I-motif formation and thermal stability of the different sequences shown in Table 1 were monitored by NMR and UV-melting experiments. In all cases, 1H-NMR spectra indicate the formation of stable i-motif structures at neutral pH (Figure 2A). Similar signal pattern in the exchangeable proton region as that of the NMR spectra of unmodified NN4 is observed for NN4_tCO2 and NN4_tCO6, suggesting the formation of very similar structures, including hemiprotonated, C:C+ or tCO:C+ (15–16 ppm), and neutral G:C or G:tCO base-pairs (12–14 ppm). Imino signals of C:C+ base pairs for the sequence NN4_tCO2 are observed at higher temperatures than those of NN4 (32) and NN4_tCO6 (Figure 2A), indicating a considerably enhanced thermal stability in this sequence. This is confirmed by UV-monitored melting experiments (Figure 2B). The stabilizing effect of incorporating tCO is sequence-specific. Whereas at position 6 the change in melting temperature is small, tCO at position 2 provokes a large Tm increase. Interestingly, the effect is much more pronounced at neutral pH, where NN4_tCO2 exhibits a ΔTm of almost 10ºC (Table 1). NMR, CD and UV melting curves indicate that the structure and stability of NN4_tCO2 are very similar in presence of Na+ or K+ counterions (Supplementary Figure S1).

Figure 2.

Figure 2.

(A) 1H-NMR spectra at different temperatures of NN4_tCO2 (left) and NN4_tCO6 (right) at pH 7, 10 mM phosphate buffer, [oligonucleotide] = 1 mM. (B) UV-melting curves of NN4, NN4_tCO2 and NN4_tCO6 at pH 7 (left) and pH 5 (right). 25 mM phosphate buffer, [oligonucleotide] = 2 μM.

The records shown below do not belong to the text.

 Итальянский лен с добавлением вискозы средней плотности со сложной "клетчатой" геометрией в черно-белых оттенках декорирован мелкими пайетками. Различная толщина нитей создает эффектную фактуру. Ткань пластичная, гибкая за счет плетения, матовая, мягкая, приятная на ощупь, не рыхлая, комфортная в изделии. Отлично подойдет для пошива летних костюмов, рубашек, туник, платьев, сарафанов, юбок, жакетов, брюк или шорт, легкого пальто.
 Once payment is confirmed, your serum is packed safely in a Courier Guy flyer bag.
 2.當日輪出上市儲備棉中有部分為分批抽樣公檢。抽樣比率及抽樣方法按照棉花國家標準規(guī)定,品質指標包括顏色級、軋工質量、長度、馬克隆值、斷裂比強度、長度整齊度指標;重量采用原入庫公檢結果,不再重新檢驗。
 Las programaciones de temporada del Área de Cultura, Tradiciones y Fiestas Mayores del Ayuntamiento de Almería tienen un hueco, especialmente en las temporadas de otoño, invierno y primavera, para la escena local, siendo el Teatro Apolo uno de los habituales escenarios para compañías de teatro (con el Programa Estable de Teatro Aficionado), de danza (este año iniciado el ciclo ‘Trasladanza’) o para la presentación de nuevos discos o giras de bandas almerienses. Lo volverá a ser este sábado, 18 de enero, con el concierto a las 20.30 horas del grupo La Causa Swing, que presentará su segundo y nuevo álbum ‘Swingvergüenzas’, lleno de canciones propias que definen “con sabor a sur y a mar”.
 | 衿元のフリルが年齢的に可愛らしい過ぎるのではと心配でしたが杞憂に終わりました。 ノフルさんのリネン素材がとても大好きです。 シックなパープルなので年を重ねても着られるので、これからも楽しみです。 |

The structures exhibit different NMR and CD spectra at neutral and acidic pH

1H-NMR spectra recorded at pH 5 (Figure 3A) indicate that tCO-containing sequences fold into alternative i-motif structures under acidic pH conditions. Spectra recorded under these conditions show more signals in the 15–16 ppm and 11–12 ppm regions. In addition, imino signals in the 12–14 ppm region are not observed, indicating that the G:C base pairs are not formed.

Figure 3.

Figure 3.

(A1H NMR spectra of NN4, (left) NN4_tCO2 (center) and NN4_tCO6 (right) at pH 5 and 7 at 5ºC. 10 mM phosphate buffer, [oligonucleotide] = 1 mM. (B) CD spectra of NN4, (left) NN4_tCO2 (center) and NN4_tCO6 (right) at pH 5 and 7 at 5ºC. 25 mM phosphate buffer, [oligonucleotide] = 2 μM.

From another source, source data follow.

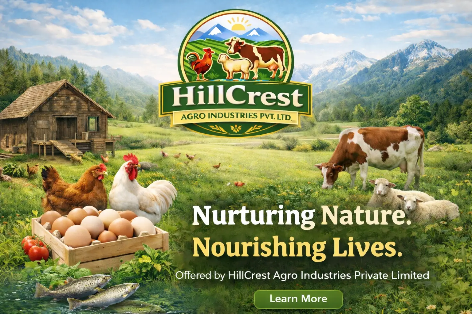 Hillcrest Agro Industries Private Limited is a professionally managed agri-based enterprise committed to ethical, sustainable, and quality-focused farming. Located at Baba Daryadin, Ganderbal, Jammu and Kashmir, our farms benefit from Kashmir’s clean environment, pure water, fertile land, and naturally cool climate—ideal for healthy livestock rearing. We specialize in organically raised desi roosters, hens, and farm-fresh eggs, produced without steroids, growth enhancers, or harmful chemicals. Guided by traditional values and modern bio-security practices, we are also planning to expand into sheep and fish farming, strengthening our vision of integrated and responsible agriculture rooted in the purity of Kashmir.
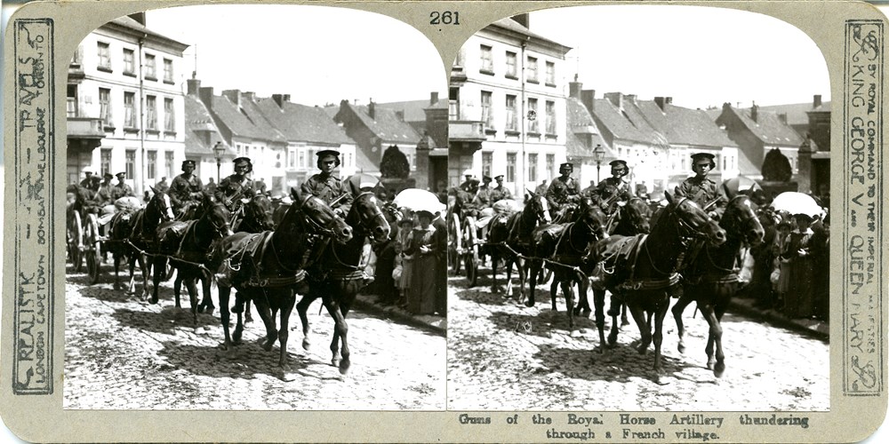 Guns of the Royal Horse Artillery thundering through a French village
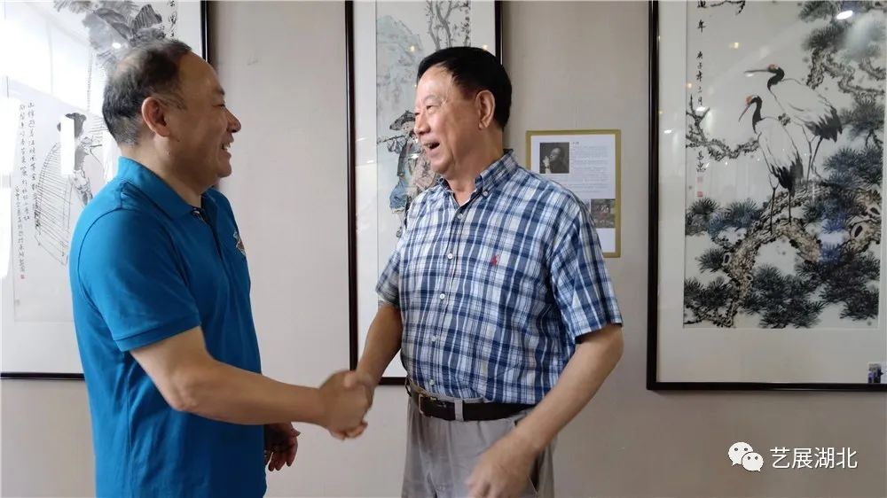 王少阶(中)称赞蒋昌忠(右一)的作品,湖北省美术院党委书记李和清(左一)
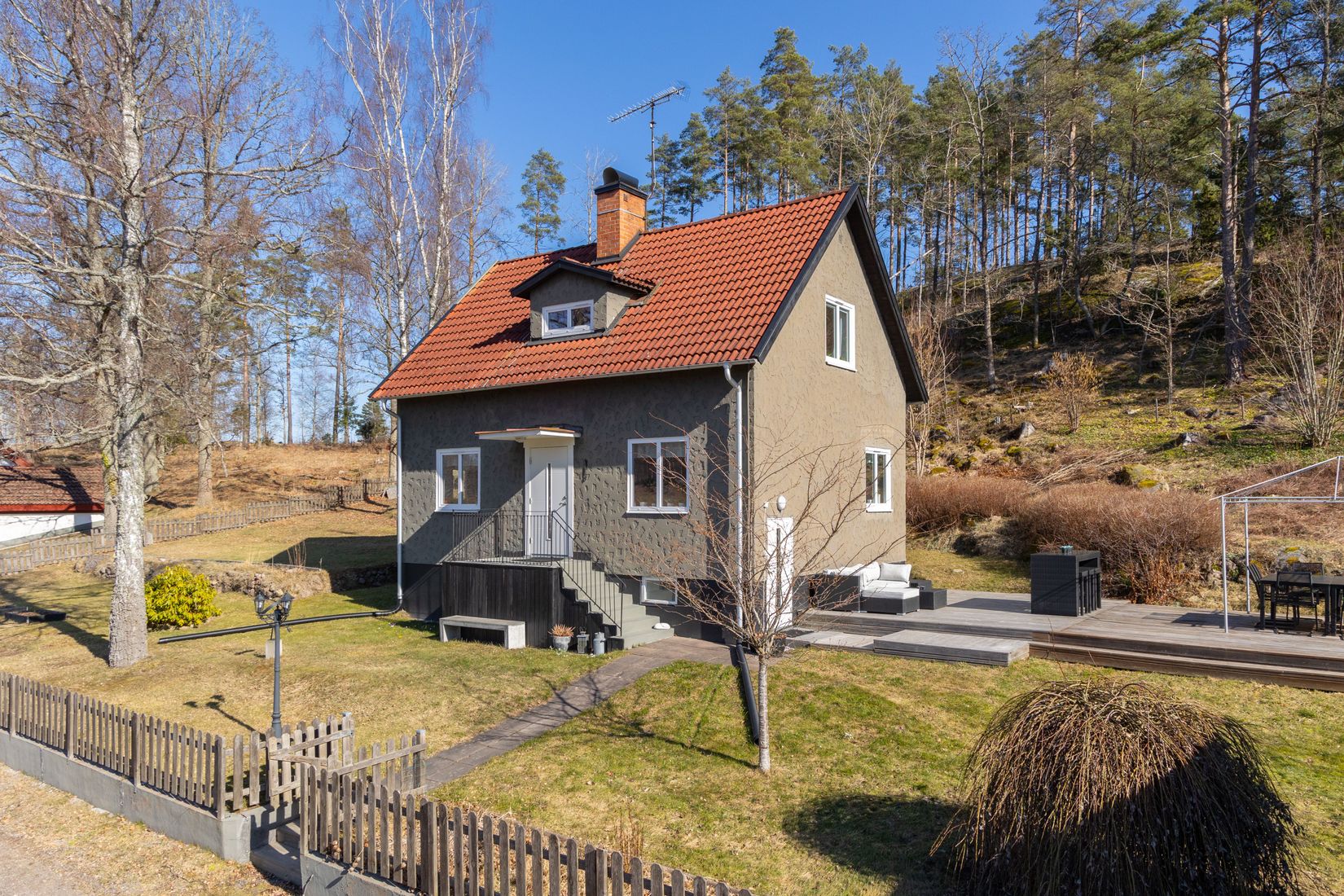 Utomhus väntar din egen oas. Det generösa trädäcket i perfekt sydvästläge är som gjort för grillkvällar och soliga eftermiddagar. Den välskötta trädgården med sina fruktträd, buskar och odlingslådor bjuder in till skaparglädje för den med gröna fingrar. Till fastigheten hör även en praktisk uthuslänga och garage.
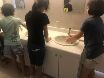 帰る用意、退舎準備です。みんなで使ったところも感謝の気持ちを込めて清掃。
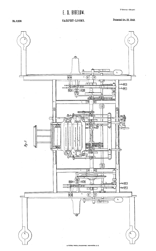 Carpet-Looms, US00006806, Bigelow, E. B., October 23, 1849, 14 pages. Posted January 2, 2004. CD (HWDA10). SAMPLE PAGE. File size 1.5 MB PDF

Substantial changes are also observed in the CD spectra of NN4_tCO2 and NN4_tCO6 at different pH (Figure 3B). At neutral pH CD spectra exhibit a minimum at ∼240 nm and a maximum at ∼270 nm. However, at pH 5 a slight decrease of intensity at 270 nm is observed, together with the formation of an additional band near 300 nm. These data suggest that NN4_tCO2 and NN4_tCO6 may undergo a similar conformational transition to that observed in NN4 at acidic pH (10).

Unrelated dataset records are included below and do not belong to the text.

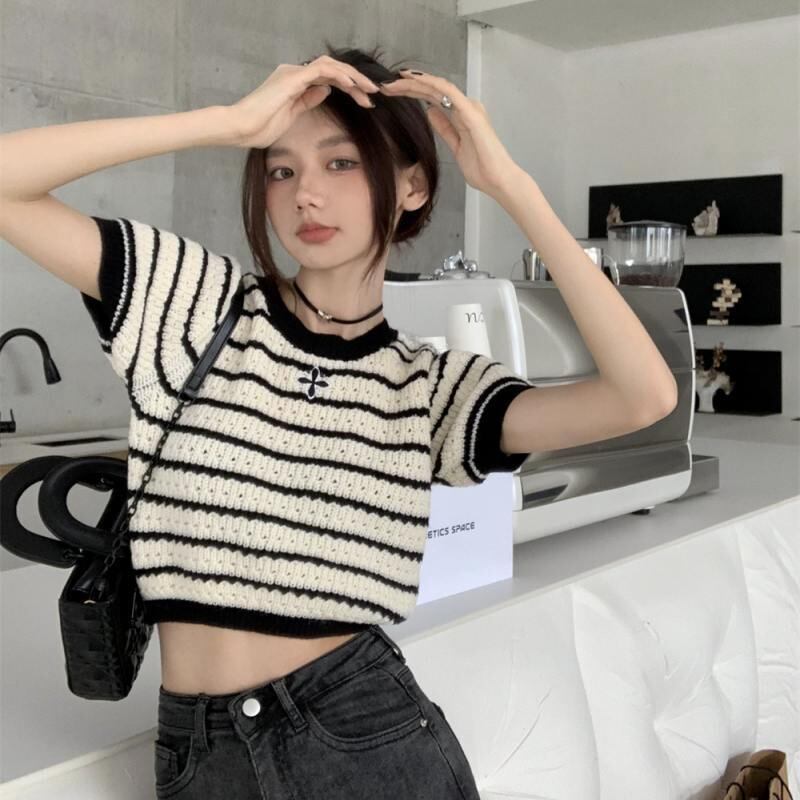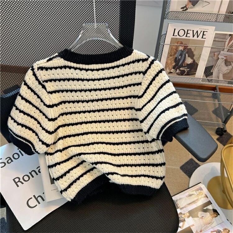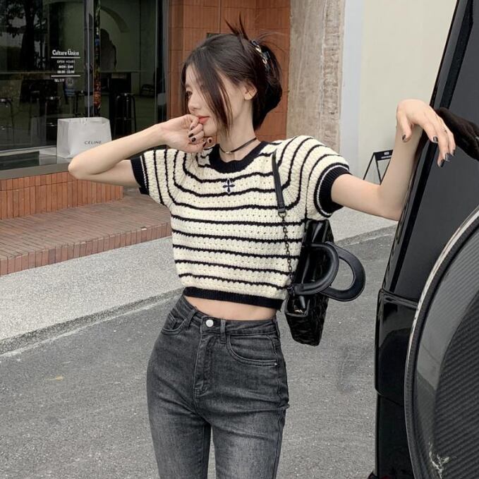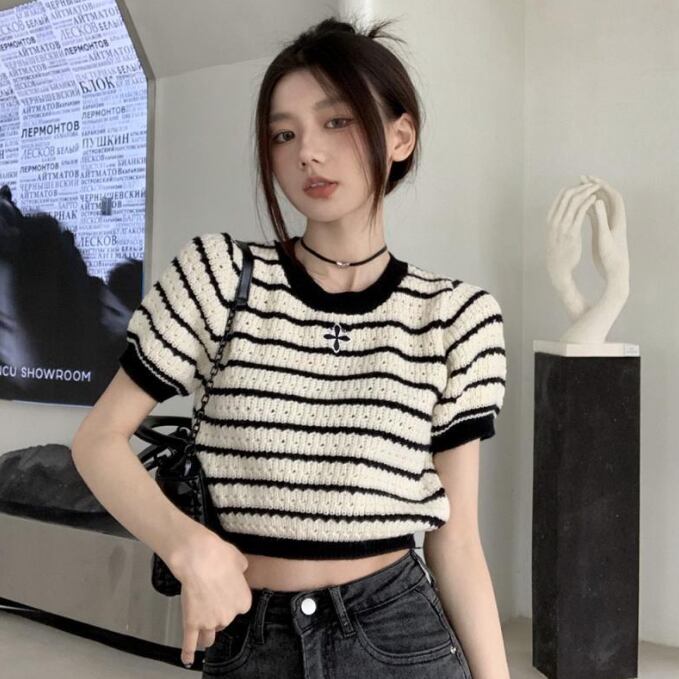 【海外からの取り寄せ】 2025新作 レディース ラウンドネック ボーダ柄 ショート丈 着痩せ 可愛い 半袖ニット #[tops625_9800]【送料込み】【250618】
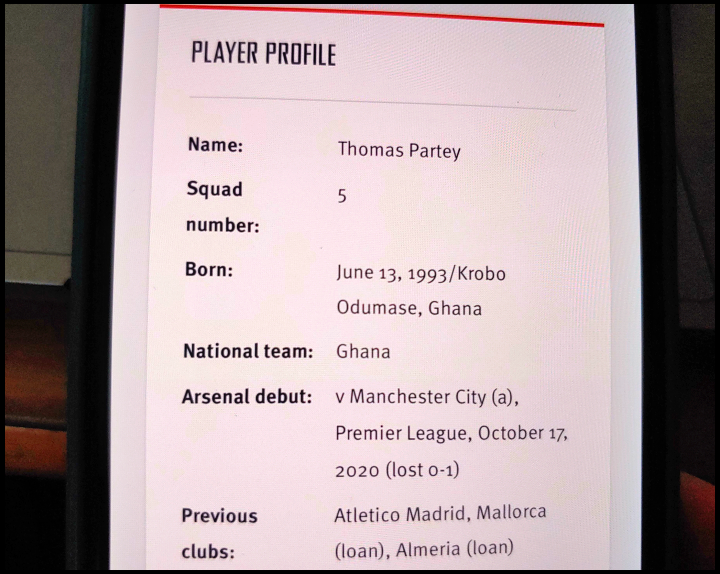 [사진 = 중앙 미드필더 토마스 파티는 2020년부터 아스널에서 활약했으며 그 이전에는 2013년부터 2020년까지 스페인 명문 클럽인 아틀레티코 마드리드에서 활약했다. 가나 국가대표 명단 포함된 선수 중에서는 소속팀 네임벨류가 가장 두드러진다. (C) 아스널 공식 홈페이지(arsenal.com)]
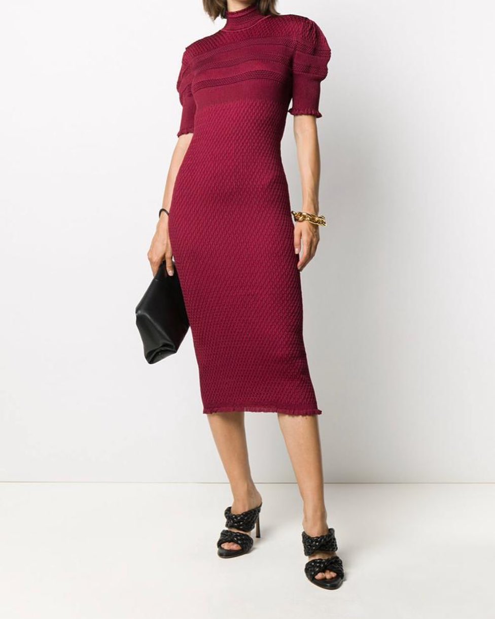 Это элегантное трикотажное платье Fendi LUX-40204 винного цвета — идеальный выбор для создания утонченного образа. Модель средней длины с короткими рукавами-фонариками и высоким воротником-стойкой подчеркивает достоинства фигуры. Рельефный узор ткани и контрастные горизонтальные полосы на груди придают платью особый шик.
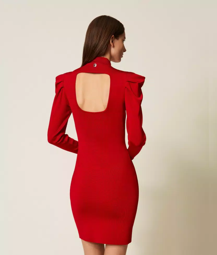 Twinset Actitude collection short viscose blend knit dress with draping on the shoulders. Turtle neck, long sleeves, metal logo plate at the back, fitted. The viscose used to make this garment (81% viscose) was obtained from pre-consumer recycled cotton.
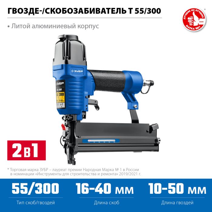 Универсальный пневматический инструмент ″2-в-1″ - работает с гвоздями и скобами.

NN4_tCO2 and NN4_tCO6 exhibit different fluorescence behavior

In order to assess the tCO fluorescence under the different structural contexts provided by NN4_tCO2 and NN4_tCO6, their excitation and emission spectra were recorded at different temperatures and pH values (Supplementary Figure S2). As expected for tCO-containing sequences, maximum absorption bands are found at 370 nm and maximum emission bands at 450 nm. Most interestingly, a dramatic difference between the fluorescence signals for the two modified sequences is observed at low temperature and neutral pH. Whereas the fluorescence signal is heavily quenched for the sequence NN4_tCO2, the effect is much less pronounced for the sequence NN4_tCO6. Remarkably, the recovery of the fluorescence signal of NN4_tCO2 upon temperature increase takes place at approximately 35°C, matching the melting temperature obtained by UV spectroscopy (Figure 2B), and supporting the use of fluorescence to trace the folding/unfolding transition of NN4_tCO2. A similar quenching profile is observed at acidic pH, although the fluorescence recovery occurs at higher temperature values (Tm ∼ 55ºC). In the case of NN4_tCO6, quenching is more pronounced at acidic than at neutral pH, suggesting a different chemical environment of tCO residue under these experimental conditions.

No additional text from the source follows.